(Data extracted from a collection)
☆ ☆ ☆ ☆ ☆
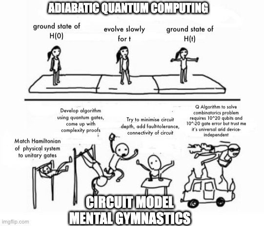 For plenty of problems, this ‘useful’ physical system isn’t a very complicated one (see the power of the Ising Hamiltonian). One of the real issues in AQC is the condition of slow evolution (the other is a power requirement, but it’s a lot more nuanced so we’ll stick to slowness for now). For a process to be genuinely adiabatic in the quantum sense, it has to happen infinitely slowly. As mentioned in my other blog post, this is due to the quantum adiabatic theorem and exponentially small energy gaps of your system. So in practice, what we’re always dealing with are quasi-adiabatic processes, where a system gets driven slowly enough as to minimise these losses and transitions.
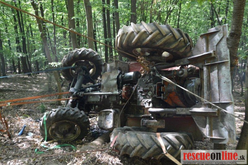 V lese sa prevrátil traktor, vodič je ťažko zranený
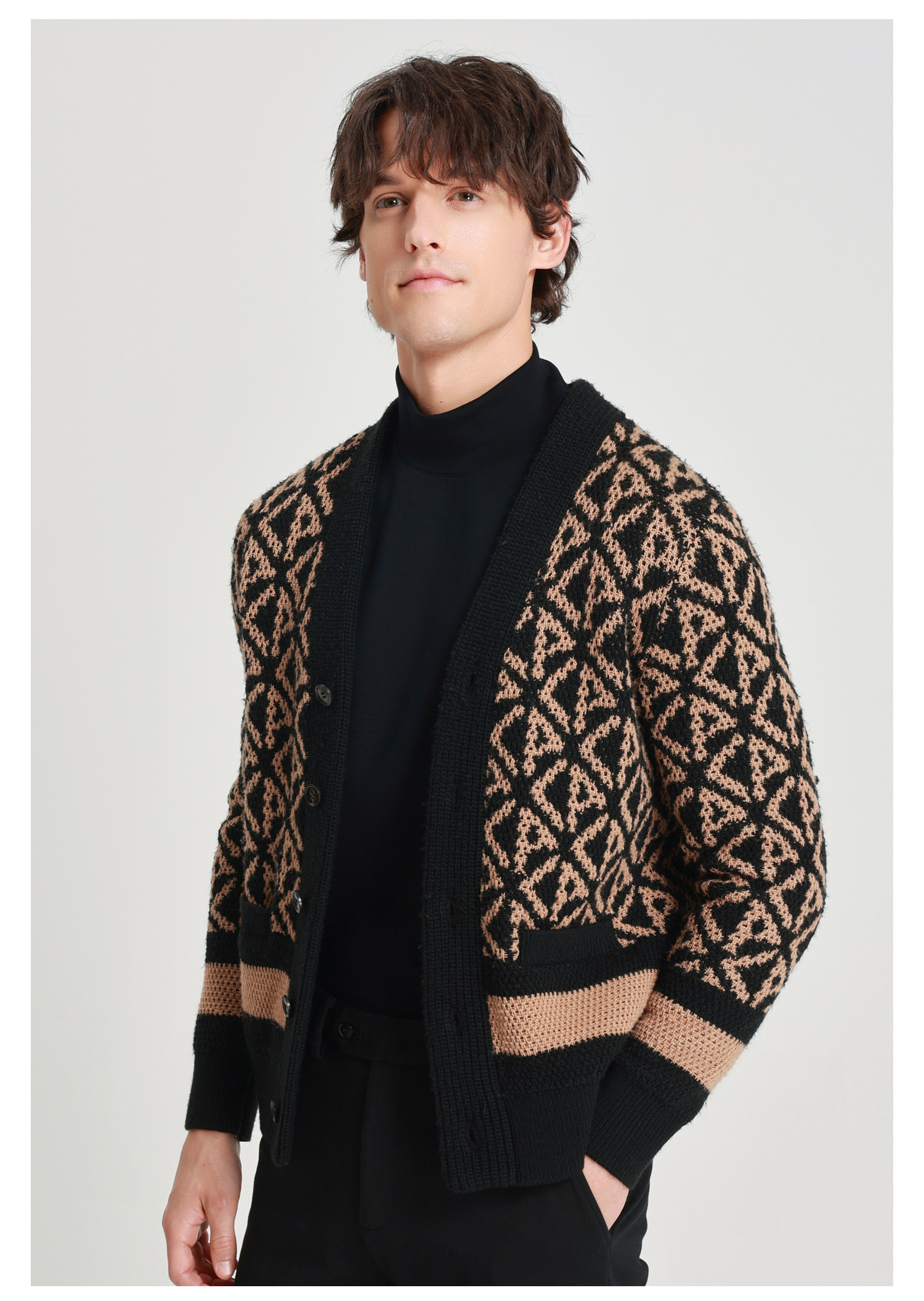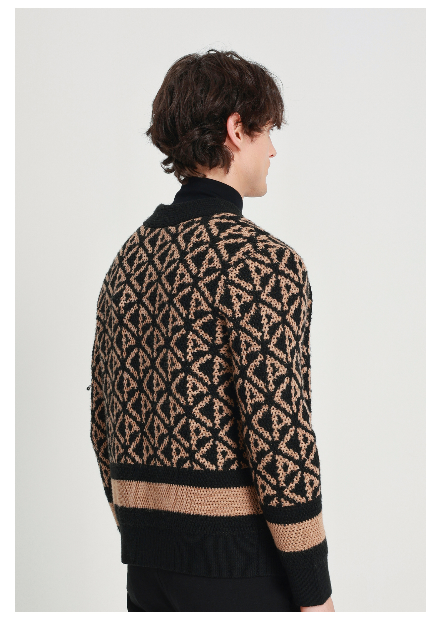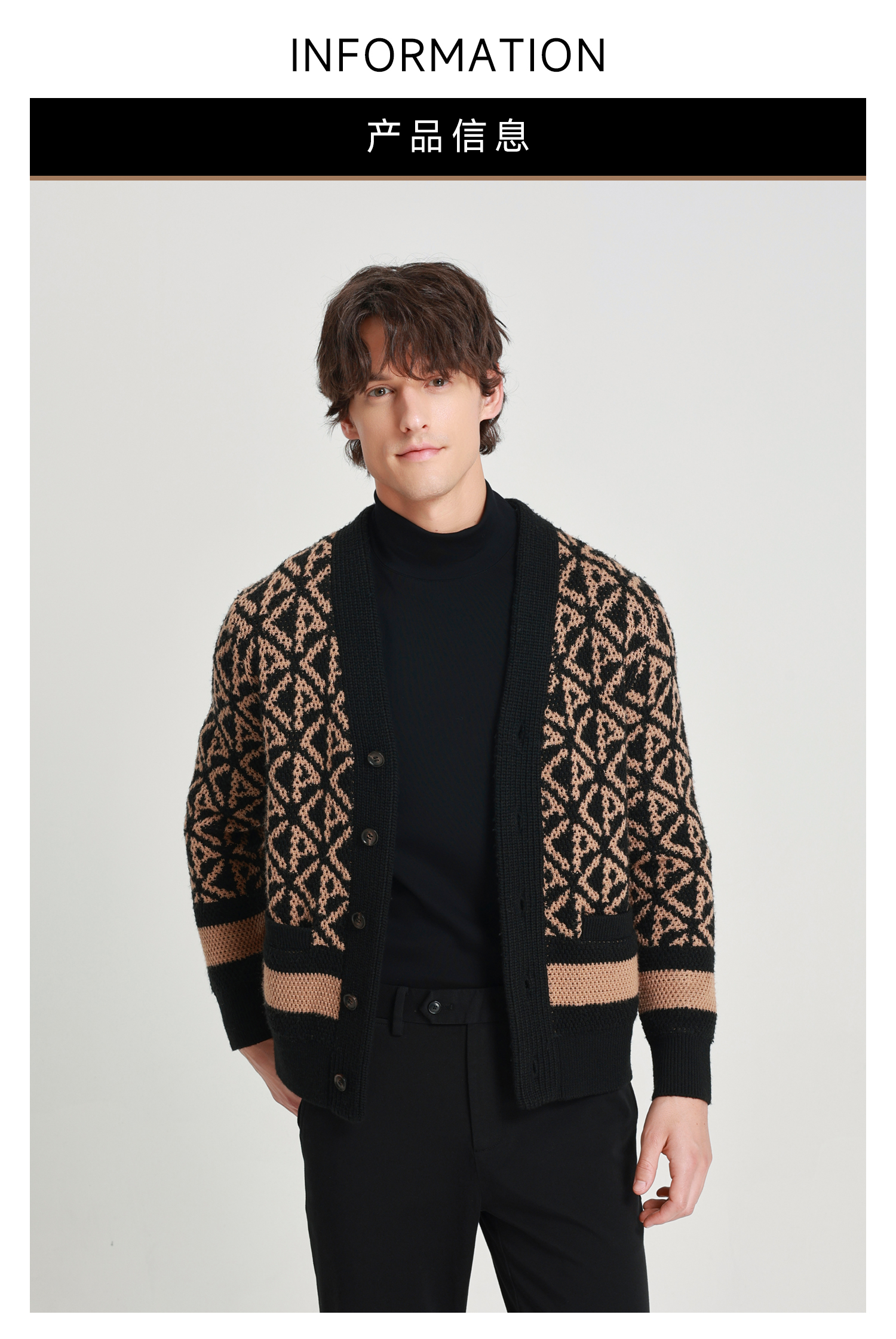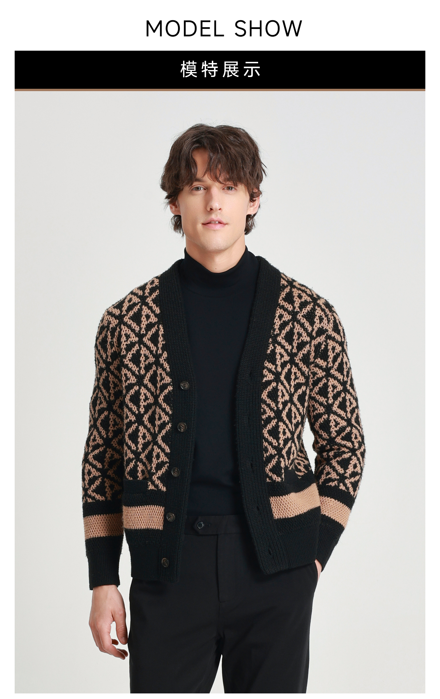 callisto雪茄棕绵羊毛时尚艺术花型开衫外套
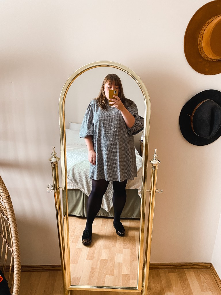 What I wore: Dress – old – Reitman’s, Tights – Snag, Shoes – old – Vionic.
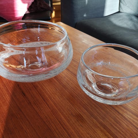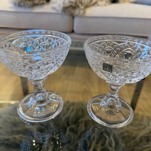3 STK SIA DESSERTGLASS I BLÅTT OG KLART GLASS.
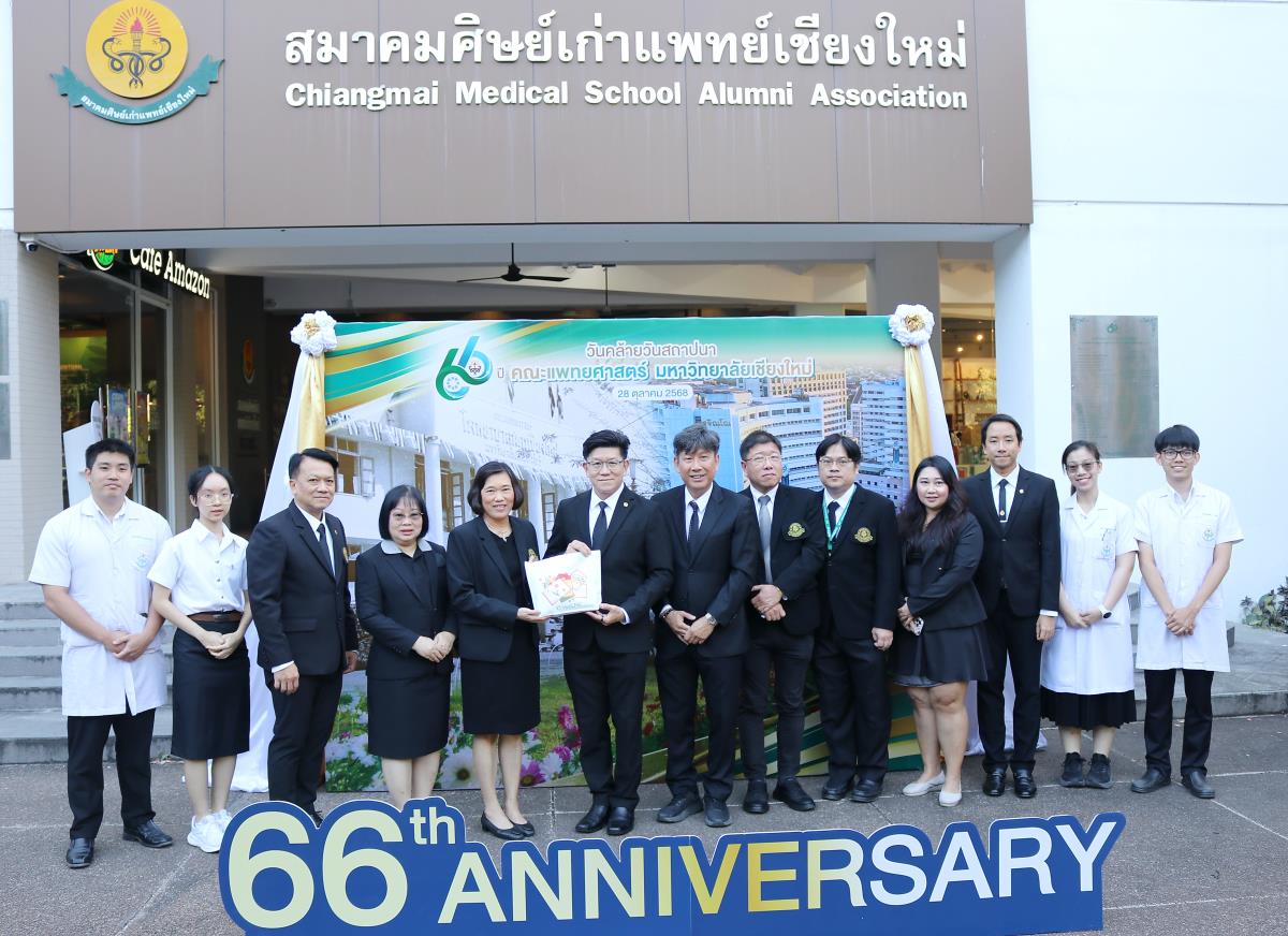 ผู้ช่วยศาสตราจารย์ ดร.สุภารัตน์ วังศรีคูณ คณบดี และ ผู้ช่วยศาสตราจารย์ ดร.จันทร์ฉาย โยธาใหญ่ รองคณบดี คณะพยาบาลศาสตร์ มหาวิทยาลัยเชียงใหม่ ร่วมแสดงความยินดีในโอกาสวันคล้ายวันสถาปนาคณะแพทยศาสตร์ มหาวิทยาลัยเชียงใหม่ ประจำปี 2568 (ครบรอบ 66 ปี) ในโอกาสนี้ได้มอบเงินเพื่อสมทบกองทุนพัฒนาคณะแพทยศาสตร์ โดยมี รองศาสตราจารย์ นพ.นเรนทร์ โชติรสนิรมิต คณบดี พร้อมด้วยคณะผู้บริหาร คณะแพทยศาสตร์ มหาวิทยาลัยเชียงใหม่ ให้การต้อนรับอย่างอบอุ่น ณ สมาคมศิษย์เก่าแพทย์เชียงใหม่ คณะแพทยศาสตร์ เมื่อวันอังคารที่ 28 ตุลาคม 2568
☆ ☆ ☆ ☆ ☆
EXERCISE PROMPT: A faithful, word-for-word copy of the records above, pictures left out, is the answer.

REPLY TO THE EXERCISE:
 For plenty of problems, this ‘useful’ physical system isn’t a very complicated one (see the power of the Ising Hamiltonian). One of the real issues in AQC is the condition of slow evolution (the other is a power requirement, but it’s a lot more nuanced so we’ll stick to slowness for now). For a process to be genuinely adiabatic in the quantum sense, it has to happen infinitely slowly. As mentioned in my other blog post, this is due to the quantum adiabatic theorem and exponentially small energy gaps of your system. So in practice, what we’re always dealing with are quasi-adiabatic processes, where a system gets driven slowly enough as to minimise these losses and transitions.
 V lese sa prevrátil traktor, vodič je ťažko zranený
 callisto雪茄棕绵羊毛时尚艺术花型开衫外套
 What I wore: Dress – old – Reitman’s, Tights – Snag, Shoes – old – Vionic.
3 STK SIA DESSERTGLASS I BLÅTT OG KLART GLASS.
 ผู้ช่วยศาสตราจารย์ ดร.สุภารัตน์ วังศรีคูณ คณบดี และ ผู้ช่วยศาสตราจารย์ ดร.จันทร์ฉาย โยธาใหญ่ รองคณบดี คณะพยาบาลศาสตร์ มหาวิทยาลัยเชียงใหม่ ร่วมแสดงความยินดีในโอกาสวันคล้ายวันสถาปนาคณะแพทยศาสตร์ มหาวิทยาลัยเชียงใหม่ ประจำปี 2568 (ครบรอบ 66 ปี) ในโอกาสนี้ได้มอบเงินเพื่อสมทบกองทุนพัฒนาคณะแพทยศาสตร์ โดยมี รองศาสตราจารย์ นพ.นเรนทร์ โชติรสนิรมิต คณบดี พร้อมด้วยคณะผู้บริหาร คณะแพทยศาสตร์ มหาวิทยาลัยเชียงใหม่ ให้การต้อนรับอย่างอบอุ่น ณ สมาคมศิษย์เก่าแพทย์เชียงใหม่ คณะแพทยศาสตร์ เมื่อวันอังคารที่ 28 ตุลาคม 2568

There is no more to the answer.